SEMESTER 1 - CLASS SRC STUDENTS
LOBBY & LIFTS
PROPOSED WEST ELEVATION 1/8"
...
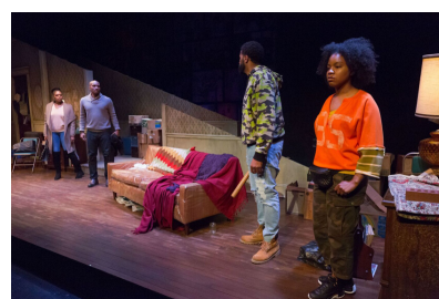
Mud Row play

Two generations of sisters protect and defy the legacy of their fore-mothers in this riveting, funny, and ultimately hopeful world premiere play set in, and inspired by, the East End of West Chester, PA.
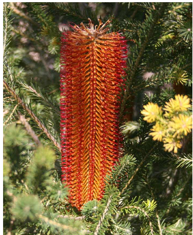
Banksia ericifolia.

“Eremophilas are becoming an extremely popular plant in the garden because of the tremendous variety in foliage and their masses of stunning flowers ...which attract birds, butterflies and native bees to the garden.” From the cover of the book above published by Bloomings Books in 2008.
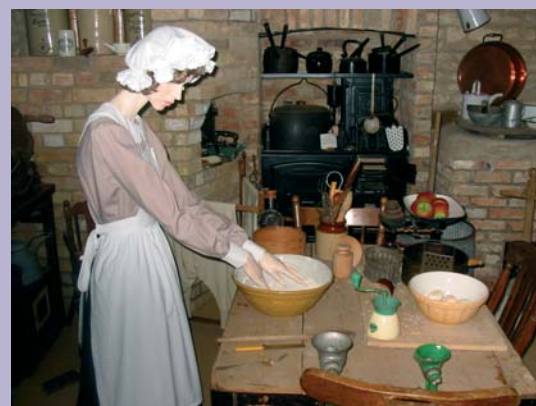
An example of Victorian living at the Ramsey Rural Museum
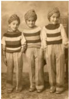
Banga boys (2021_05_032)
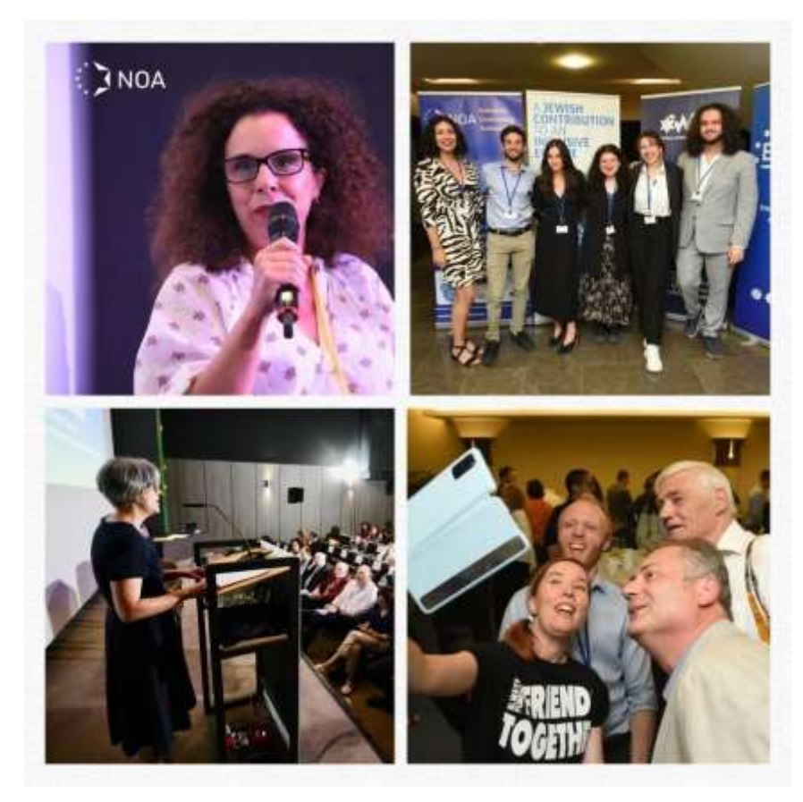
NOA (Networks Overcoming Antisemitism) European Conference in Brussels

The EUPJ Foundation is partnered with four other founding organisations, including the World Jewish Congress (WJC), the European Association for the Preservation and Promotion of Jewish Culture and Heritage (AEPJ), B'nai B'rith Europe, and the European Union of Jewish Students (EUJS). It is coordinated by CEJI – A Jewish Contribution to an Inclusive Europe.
==
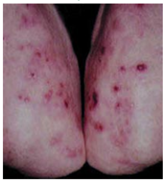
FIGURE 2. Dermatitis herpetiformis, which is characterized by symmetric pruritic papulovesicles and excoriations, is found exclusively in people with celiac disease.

## Try it
Write out each line of the data that holds the string "play".

## Task output
Mud Row play
Two generations of sisters protect and defy the legacy of their fore-mothers in this riveting, funny, and ultimately hopeful world premiere play set in, and inspired by, the East End of West Chester, PA.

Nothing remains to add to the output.